The table-per-tenant multi-tenant type is used in conjunction with:

  • A tenant table discriminator that specifies the type of discriminator (schema or name with prefix or suffix)

  • A tenant ID to identify the user (configured per entity manager or at the entity manager factory, if isolating the table-per-tenant per persistence unit.)

A single application instance with a shared EntityManagerFactory for a persistence unit can be responsible for handling requests from multiple tenants.

Alternatively, separate EntityManagerFactory instances can be used for each tenant. (This is required when using extensions per tenant.) In this case, tenant-specific schema and table names are defined in an eclipselink-orm.xml configuration file. A MetadataSource must be registered with a persistence unit. The MetadataSource is used to support additional persistence unit metadata provided from outside the application. See also metadata-source in Java Persistence API (JPA) Extensions Reference for EclipseLink.

The table-per-tenant multi-tenant type enables individual tenant table(s) to be used at the entity level. A tenant context property must be provided on each entity manager after a transaction has started.

  • The table(s) (Table and SecondaryTable) for the entity are individual tenant tables based on the tenant context. Relationships within an entity that uses a join or a collection table are also assumed to exist within the table-per-tenant context.

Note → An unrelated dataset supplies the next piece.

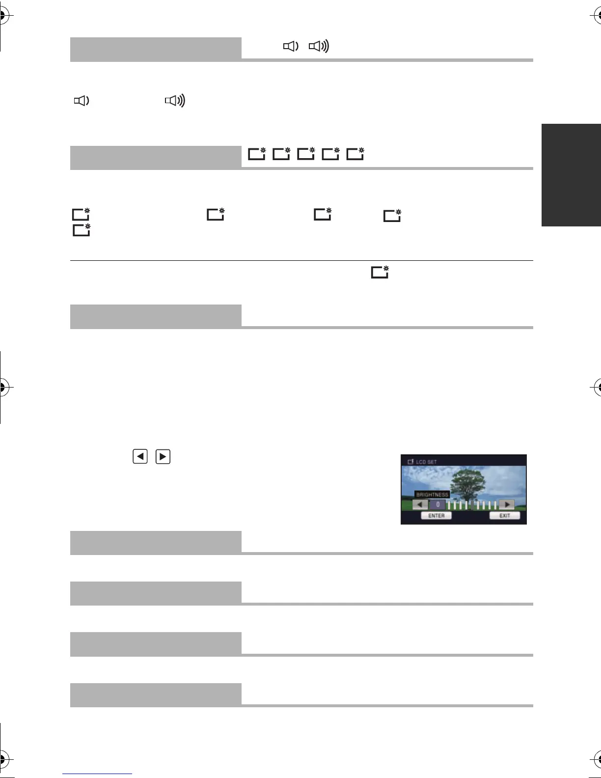 ≥ Recordable time with the battery is shortened when the LCD is made brighter.

  • Multi-tenant metadata can only be applied at the root level of the inheritance hierarchy when using a SINGLE_TABLE or JOINED inheritance strategy. Multi-tenant metadata can be specified in a TABLE_PER_CLASS inheritance hierarchy.

For information on constructing table-per-tenant multi-tenancy, see "Using Table-Per-Tenant Multi-Tenancy" in Solutions Guide for EclipseLink.

VPD Multi-Tenancy

A Virtual Private Database (VPD) uses security controls to restrict access to database objects based on various parameters.

For example, the Oracle Virtual Private Database supports security policies that control database access at the row and column level. Oracle VPD adds a dynamic WHERE clause to SQL statements issued against the table, view, or synonym to which the security policy was applied.

Oracle Virtual Private Database enforces security directly on the database tables, views, or synonyms. Because security policies are attached directly to these database objects, and the policies are automatically applied whenever a user accesses data, there is no way to bypass security.

When a user directly or indirectly accesses a table, view, or synonym that is protected with an Oracle Virtual Private Database policy, Oracle Database dynamically modifies the SQL statement of the user. This modification creates a WHERE condition (called a predicate) returned by a function implementing the security policy. Oracle Virtual Private Database modifies the statement dynamically, transparently to the user, using any condition that can be expressed in or returned by a function. Oracle Virtual Private Database policies can be applied to SELECT, INSERT, UPDATE, INDEX, and DELETE statements.

When using EclipseLink VPD Multitenancy, the database handles the tenant filtering on all SELECT, INSERT, UPDATE, INDEX and DELETE queries.

To use EclipseLink VPD multi-tenancy, you must first configure VPD in the database and then specify multi-tenancy on the entity or mapped superclass using @Multitenant and @TenantDiscriminatorColumn annotations.